I don’t see it happening in my lifetime (the cure) but maybe my oldest lifetime (I hope) I most definalt hope they find the cure in my g-kids lifetime.

clinical trials are still ongoing
http://www.clinicaltrials.gov/ct2/results?term=diabetes+type+1+stem+cell

this is recruiting:
http://www.clinicaltrials.gov/ct2/show/NCT00315133?term=diabetes+type+1+stem+cell&rank=5

lot more research is necessary:

http://www.brighthub.com/health/diabetes/articles/97761.aspx
One of the co-authors of the research study, Dr. Richard Burt of the Northwestern University Feinberg School of Medicine, said that while the side effects of the stem cell treatment on type 1 diabetes patients are quite serious, the encouraging sign is that the methodology is less toxic compared to other immune-system therapies being provided to cancer patients.

The scientists also added that the stem cell treatment option may not work for individuals who have diabetes for such a long time and are no longer capable of producing pancreatic beta cells.

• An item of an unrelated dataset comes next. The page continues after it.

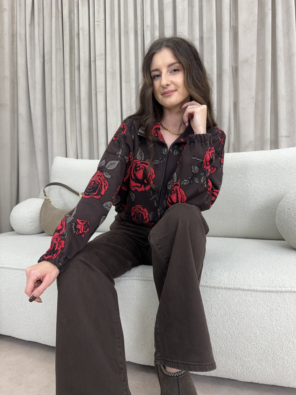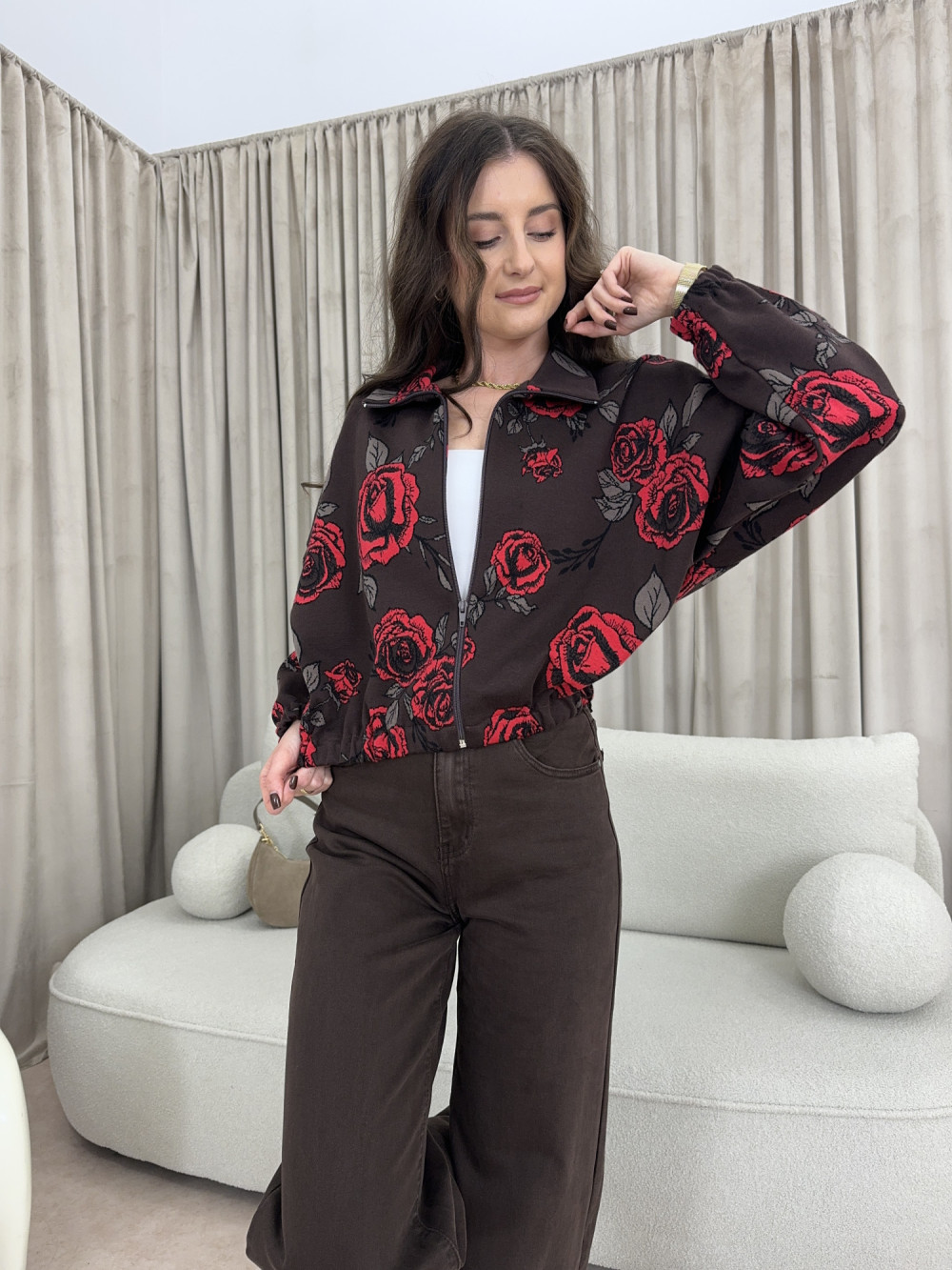 Bluza rozpinana w kwiaty czekoladowa 100% bawełna ROSALIA

They further stressed that the next step in the research to find out if indeed stem cells cure type 1 diabetes is to do a large and random trial on patients newly diagnosed with diabetes type 1 whose pancreas can still produce insulin

federal money can go into embyroinic stem reserach just can’t create new lines of cells

from wikipedia
On March 9, 2009, President Obama removed the restriction on federal funding for newer stem cell lines. [46] Two days after Obama removed the restriction, the President then signed the Omnibus Appropriations Act of 2009, which still contained the long-standing Dickey-Wicker provision which bans federal funding of “research in which a human embryo or embryos are destroyed, discarded, or knowingly subjected to risk of injury or death;”[47] the Congressional provision effectively prevents federal funding being used to create new stem cell lines by many of the known methods. So, while scientists might not be free to create new lines with federal funding, President Obama’s policy allows the potential of applying for such funding into research involving the hundreds of existing stem cell lines as well as any further lines created using private funds or state-level funding. The ability to apply for federal funding for stem cell lines created in the private sector is a significant expansion of options over the limits imposed by President Bush, who restricted funding to the 21 viable stem cell lines that were created before he announced his decision in 2001.[48]

That part about low profit margin on insulin is interesting; that of course in a big expense. I have no reason to dispute you on that. I would guess then there is a much higher profit margin on drugs like the Janumet my wife takes.